[[ Records for the task open ]]

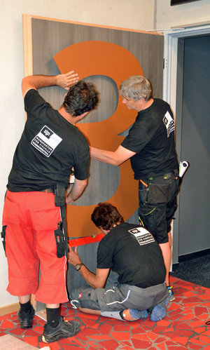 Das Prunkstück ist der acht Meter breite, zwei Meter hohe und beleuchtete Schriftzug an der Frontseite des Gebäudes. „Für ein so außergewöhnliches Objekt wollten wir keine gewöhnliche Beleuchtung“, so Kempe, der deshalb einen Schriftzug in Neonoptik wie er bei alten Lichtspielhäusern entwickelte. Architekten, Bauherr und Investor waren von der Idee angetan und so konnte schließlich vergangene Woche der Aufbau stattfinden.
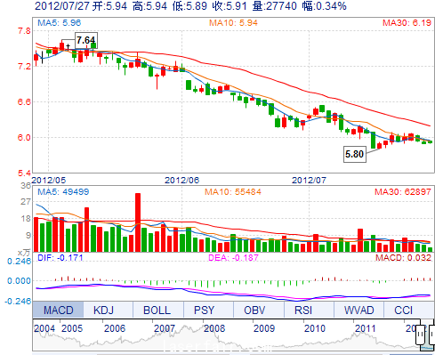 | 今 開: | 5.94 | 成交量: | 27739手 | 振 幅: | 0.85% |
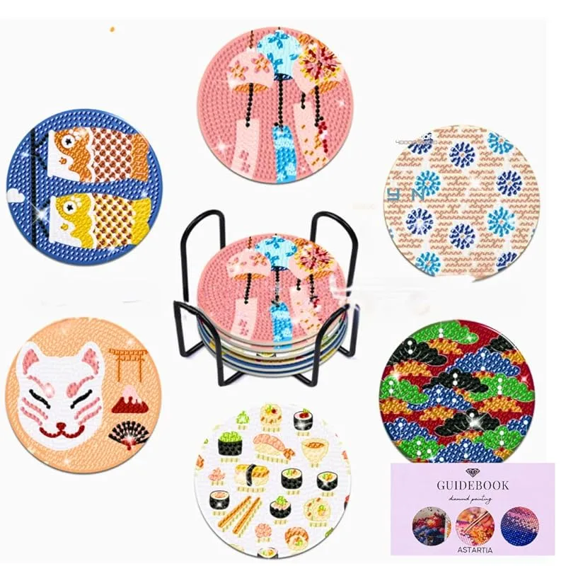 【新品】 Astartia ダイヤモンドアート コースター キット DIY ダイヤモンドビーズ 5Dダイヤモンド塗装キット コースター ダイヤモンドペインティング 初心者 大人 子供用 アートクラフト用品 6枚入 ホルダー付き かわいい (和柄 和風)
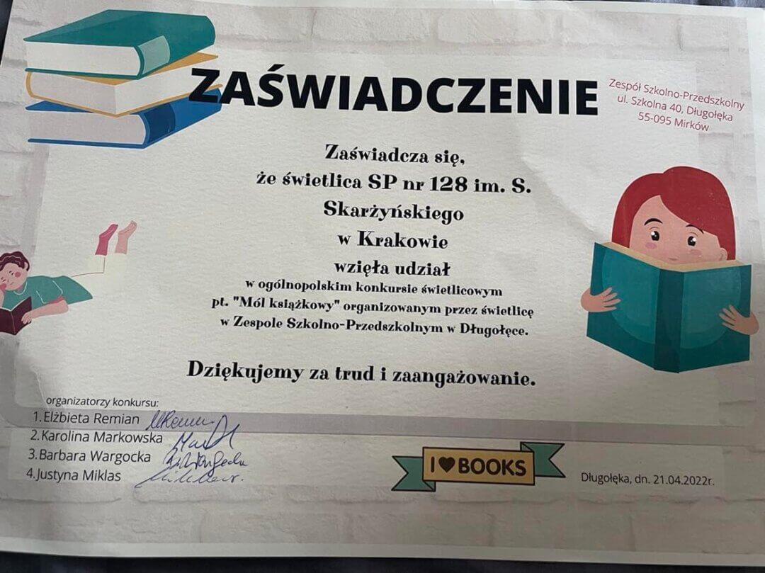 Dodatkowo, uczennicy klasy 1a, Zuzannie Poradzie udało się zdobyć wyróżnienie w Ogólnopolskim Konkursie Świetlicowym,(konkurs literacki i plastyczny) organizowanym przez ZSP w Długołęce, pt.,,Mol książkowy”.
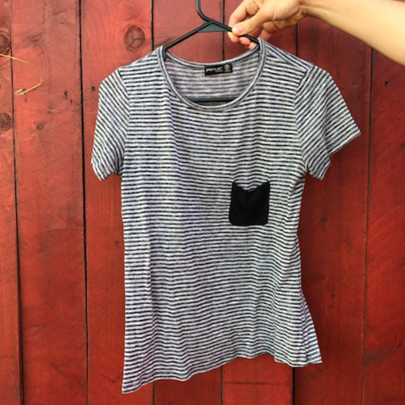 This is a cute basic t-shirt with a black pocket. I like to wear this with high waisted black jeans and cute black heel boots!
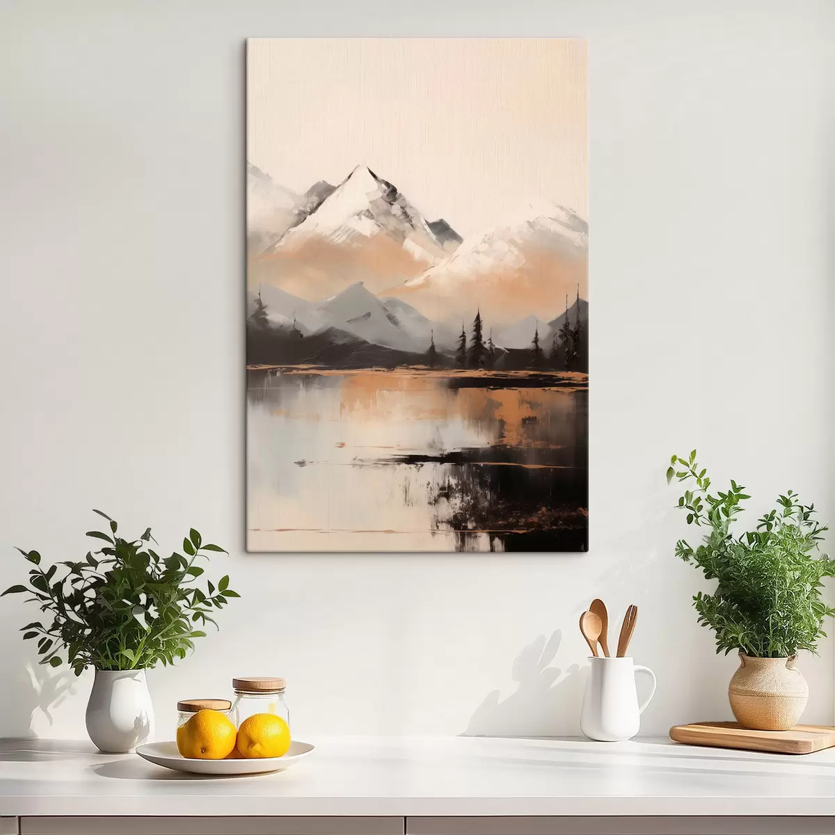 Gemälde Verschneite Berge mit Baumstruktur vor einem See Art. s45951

[[ Records for the task closed ]]
[[ Records for the task open ]]

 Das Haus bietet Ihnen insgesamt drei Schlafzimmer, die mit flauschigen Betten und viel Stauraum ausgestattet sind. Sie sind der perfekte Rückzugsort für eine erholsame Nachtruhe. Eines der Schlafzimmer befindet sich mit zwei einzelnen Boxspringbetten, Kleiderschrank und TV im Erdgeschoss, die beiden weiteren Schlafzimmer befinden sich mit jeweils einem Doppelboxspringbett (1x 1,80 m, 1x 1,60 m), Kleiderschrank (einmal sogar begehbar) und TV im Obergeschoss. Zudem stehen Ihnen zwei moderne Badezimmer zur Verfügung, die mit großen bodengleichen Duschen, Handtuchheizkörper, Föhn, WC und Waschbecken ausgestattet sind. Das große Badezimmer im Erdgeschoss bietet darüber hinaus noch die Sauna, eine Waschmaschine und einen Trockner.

[[ Records for the task closed ]]

◆ What to work on:
Take only the lines above from the one that has "Das Prunkstück ist" through the one that has "Gemälde Verschneite Berge" and reproduce them exactly, omitting any pictures.

◆ Result:
 Das Prunkstück ist der acht Meter breite, zwei Meter hohe und beleuchtete Schriftzug an der Frontseite des Gebäudes. „Für ein so außergewöhnliches Objekt wollten wir keine gewöhnliche Beleuchtung“, so Kempe, der deshalb einen Schriftzug in Neonoptik wie er bei alten Lichtspielhäusern entwickelte. Architekten, Bauherr und Investor waren von der Idee angetan und so konnte schließlich vergangene Woche der Aufbau stattfinden.
 | 今 開: | 5.94 | 成交量: | 27739手 | 振 幅: | 0.85% |
 【新品】 Astartia ダイヤモンドアート コースター キット DIY ダイヤモンドビーズ 5Dダイヤモンド塗装キット コースター ダイヤモンドペインティング 初心者 大人 子供用 アートクラフト用品 6枚入 ホルダー付き かわいい (和柄 和風)
 Dodatkowo, uczennicy klasy 1a, Zuzannie Poradzie udało się zdobyć wyróżnienie w Ogólnopolskim Konkursie Świetlicowym,(konkurs literacki i plastyczny) organizowanym przez ZSP w Długołęce, pt.,,Mol książkowy”.
 This is a cute basic t-shirt with a black pocket. I like to wear this with high waisted black jeans and cute black heel boots!
 Gemälde Verschneite Berge mit Baumstruktur vor einem See Art. s45951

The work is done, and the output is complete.